Database Explorer: The left panel displays all attached databases, including in-memory databases and any loaded files or URLs. Users can easily navigate through databases and schemas to explore tables and views.
Table Summaries: Tapping a table provides detailed information including row count, column names, data types, and data profiles for each column. This feature accelerates data exploration and helps users understand their datasets without writing queries.
Column Explorer: A dedicated panel shows summaries of query results, allowing users to gain deeper insights into individual columns.
Result Manipulation: After running queries, we can sort, filter, and transform results using intuitive controls, making it easy to refine analysis without rewriting queries.

Normally being local-first, DuckDB itself means your data only leaks out if you do something daft and the same holds true for DuckDB UI. Data never leaves your computer unless you explicitly choose to connect to MotherDuck’s cloud service.

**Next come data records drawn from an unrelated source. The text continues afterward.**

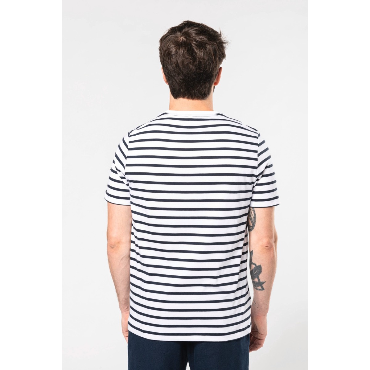 100% coton. Maille jersey en coton peigné. Toucher doux. Encolure ronde en bord-côte. Poche poitrine contrastée côté coeur. Bande de propreté encolure contrastée. Finition double aiguille bas de manches et bas de vêtement.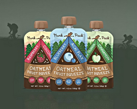 Продукция Munk Pack, разработанная дизайнерским агентством Motto, представляет собой снэк, обогащённый полезными веществами. Он предназначен для тех, кто любит проводить время на природе. Фруктово-зерновые снэки легко выдавливаются из упаковок дой-пак с удобным носиком, пишет Upakovano.ru. Упаковки оформлены в туристической тематике, а входящие в состав фрукты изображены в палатке, над которой сидит бурундук.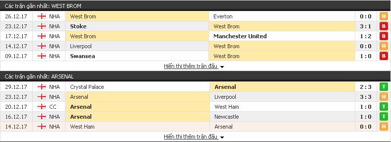 | Phân tích kèo Ngoại Hạng Anh: West Brom vs Arsenal, 23h30 ngày 31/12/2017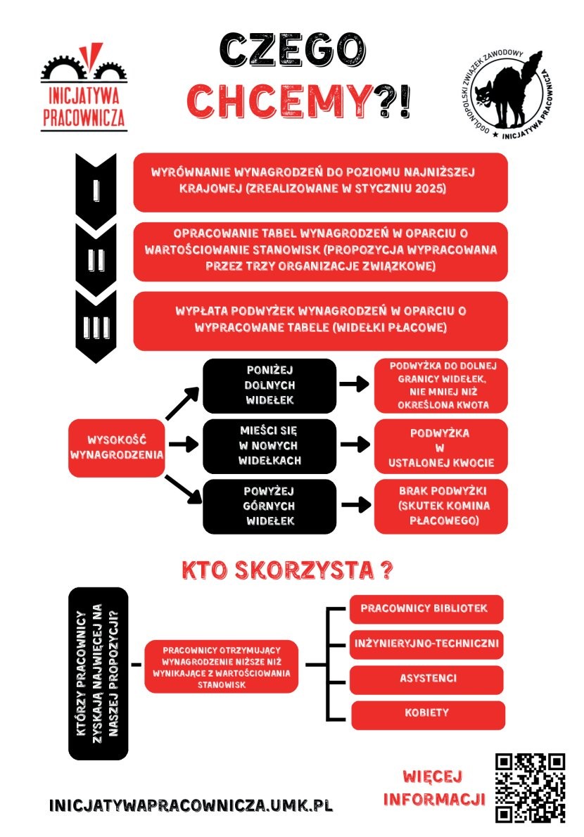 - Inicjatywa Pracownicza UMK nie zgodziła się podpisać propozycji porozumienia z dnia 28 maja 2025 ponieważ stoi na stanowisku, że w pierwszej kolejności powinny zostać naprawione siatki płac, które od lat nie są aktualizowane, albo aktualizowane tylko na zasadzie odzwierciedlenia stanu faktycznego, a nie merytorycznych przesłanek wynikających z eksperckiego wartościowania stanowisk pracy. Dotyczy to w szczególności sytuacji pracowników nienaukowych, ponieważ widełki minimalne pracowników naukowych są ustalane przez ministerstwo na podstawie minimalnej wysokości wynagrodzenia zasadniczego profesora uczelni publicznej.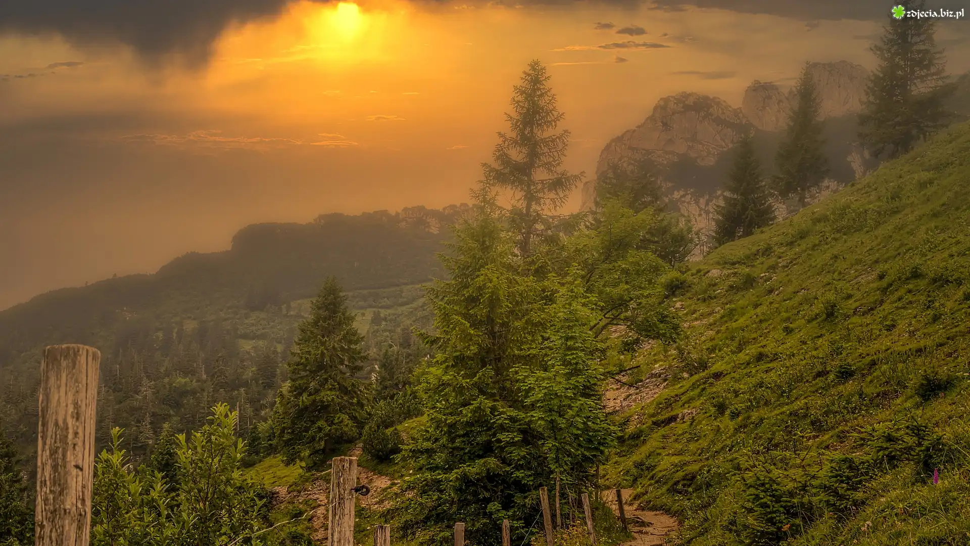 Zdjęcie Góry, Drzewa, Krzewy, Droga, Szlak, Mgła, Wschód słońca
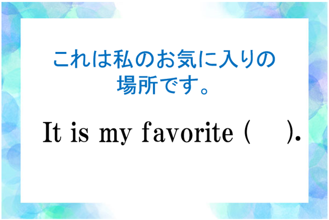 今回の問題では「お気に入りの場所」「お気に入りの映画」「お気に入りの音楽」など、自分の好みを伝えるときに欠かせない英会話をおさらい! ヒントは「It is my favorite~.」で「これは私のお気に入りの~です。」という意味になるので、カッコに入る英単語はというと……?

The UI is implemented as a DuckDB extension that embeds a localhost HTTP server. You can peruse this code on GitHub. This server provides both the browser application and an API for communication with DuckDB.

To optimize performance, results are returned in an efficient binary format that closely matches DuckDB’s in-memory representation. Server-sent events provide prompt notification of updates, creating a responsive experience that supports productive data analysis workflows.

The UI offers several configuration options:

Change the local port (default is 4213)
Modify the remote URL for UI files
Adjust the polling interval for database changes

These options can be set using SQL commands or environment variables, providing flexibility for different usage scenarios — full info on the extension’s documentation page.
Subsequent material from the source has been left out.